Provided data
● ● ●
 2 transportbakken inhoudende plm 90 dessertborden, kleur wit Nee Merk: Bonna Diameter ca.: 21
● ● ●
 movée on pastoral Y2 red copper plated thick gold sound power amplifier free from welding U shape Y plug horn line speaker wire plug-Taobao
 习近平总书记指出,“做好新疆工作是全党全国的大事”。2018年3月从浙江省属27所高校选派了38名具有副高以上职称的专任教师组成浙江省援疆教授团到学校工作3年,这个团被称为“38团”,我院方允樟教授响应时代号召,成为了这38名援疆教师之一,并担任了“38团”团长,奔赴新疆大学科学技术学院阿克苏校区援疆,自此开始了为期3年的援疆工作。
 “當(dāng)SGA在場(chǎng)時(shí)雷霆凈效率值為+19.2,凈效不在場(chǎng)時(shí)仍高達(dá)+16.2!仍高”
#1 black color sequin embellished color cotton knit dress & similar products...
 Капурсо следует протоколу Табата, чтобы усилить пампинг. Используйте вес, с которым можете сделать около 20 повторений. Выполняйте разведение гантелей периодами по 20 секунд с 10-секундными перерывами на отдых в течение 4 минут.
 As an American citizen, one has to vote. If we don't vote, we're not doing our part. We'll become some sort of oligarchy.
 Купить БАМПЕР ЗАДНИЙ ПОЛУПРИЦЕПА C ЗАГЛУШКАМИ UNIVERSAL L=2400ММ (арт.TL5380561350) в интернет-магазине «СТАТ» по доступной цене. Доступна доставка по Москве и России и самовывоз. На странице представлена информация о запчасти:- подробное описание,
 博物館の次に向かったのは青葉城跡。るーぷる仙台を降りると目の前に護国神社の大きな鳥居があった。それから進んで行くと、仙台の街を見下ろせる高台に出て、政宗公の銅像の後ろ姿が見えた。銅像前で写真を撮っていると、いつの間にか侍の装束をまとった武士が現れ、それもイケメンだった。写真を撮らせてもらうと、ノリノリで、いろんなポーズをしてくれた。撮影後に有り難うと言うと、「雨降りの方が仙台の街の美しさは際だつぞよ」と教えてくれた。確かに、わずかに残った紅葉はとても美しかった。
● ● ●
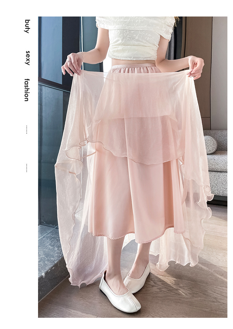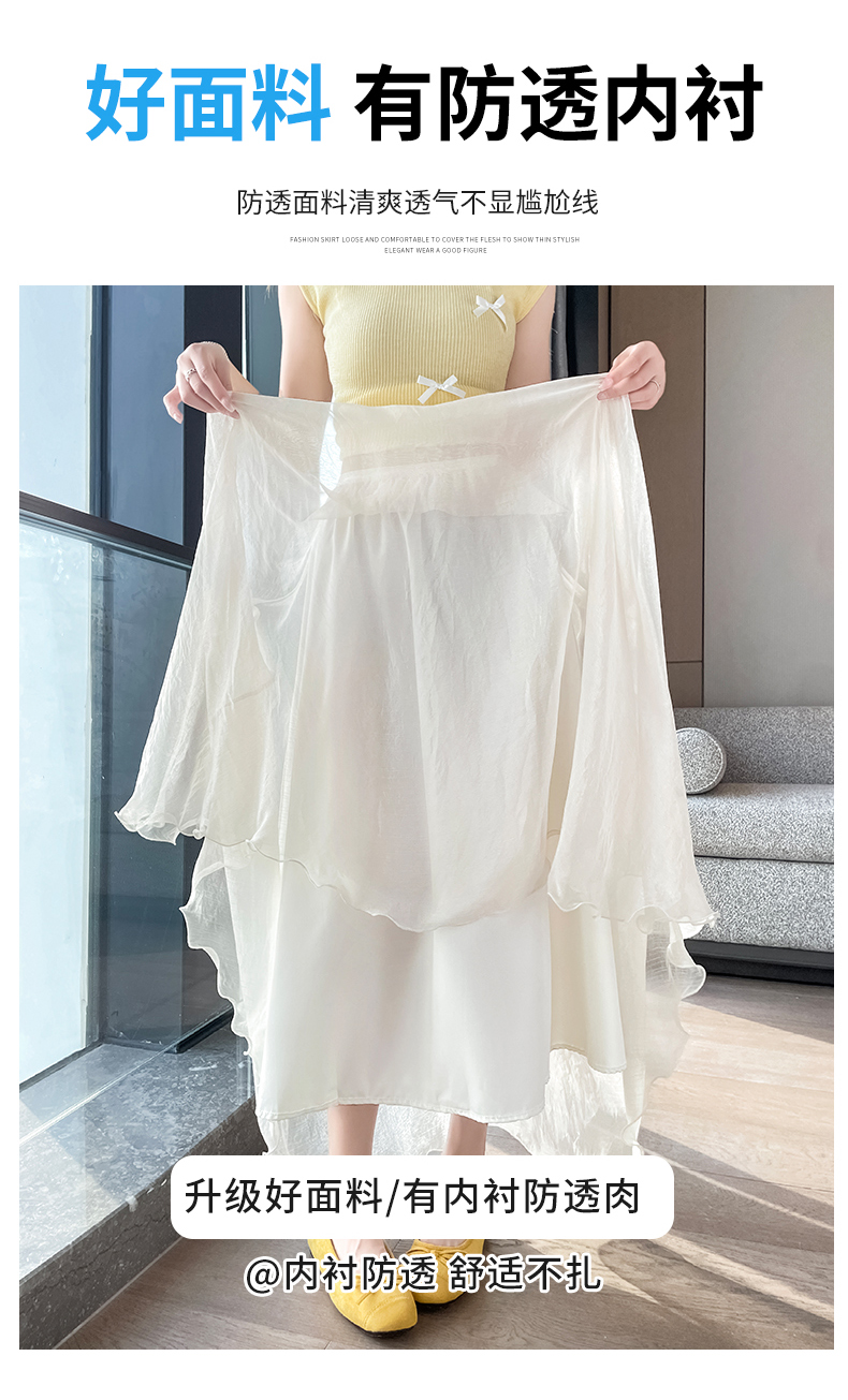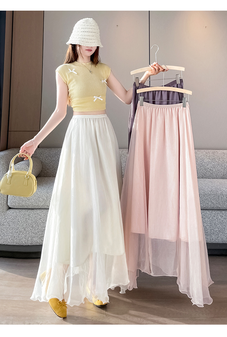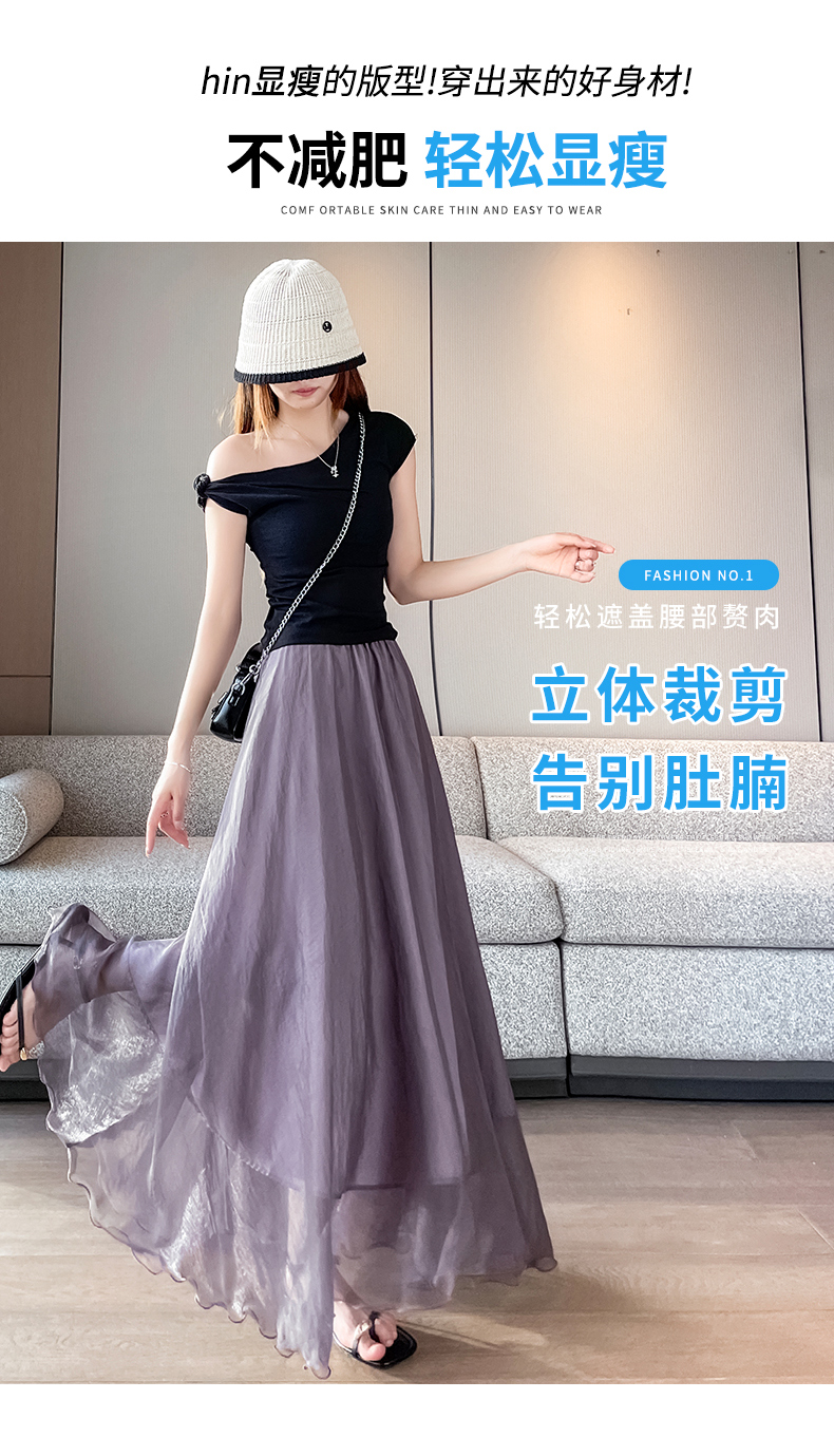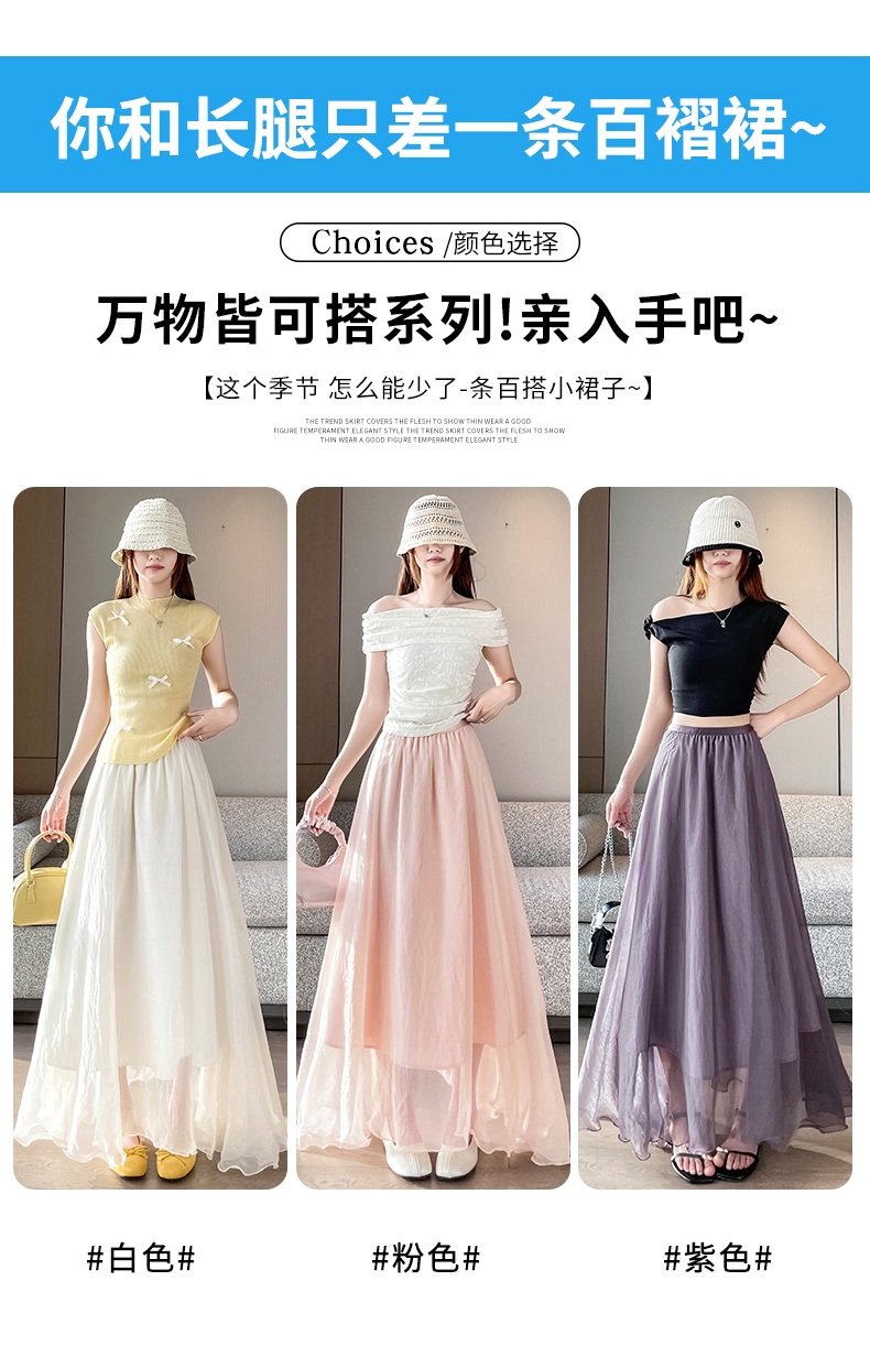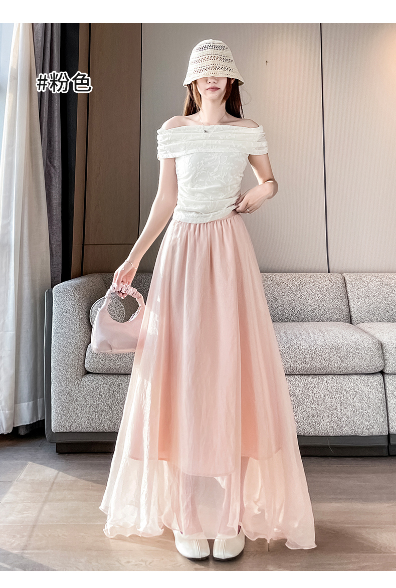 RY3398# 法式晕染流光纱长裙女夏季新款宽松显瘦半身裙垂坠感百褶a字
● ● ●
From the records above, copy only the lines starting with the line that holds "Капурсо следует протоколу" and going on through the line that holds "Купить БАМПЕР ЗАДНИЙ", exactly as written.

 Капурсо следует протоколу Табата, чтобы усилить пампинг. Используйте вес, с которым можете сделать около 20 повторений. Выполняйте разведение гантелей периодами по 20 секунд с 10-секундными перерывами на отдых в течение 4 минут.
 As an American citizen, one has to vote. If we don't vote, we're not doing our part. We'll become some sort of oligarchy.
 Купить БАМПЕР ЗАДНИЙ ПОЛУПРИЦЕПА C ЗАГЛУШКАМИ UNIVERSAL L=2400ММ (арт.TL5380561350) в интернет-магазине «СТАТ» по доступной цене. Доступна доставка по Москве и России и самовывоз. На странице представлена информация о запчасти:- подробное описание,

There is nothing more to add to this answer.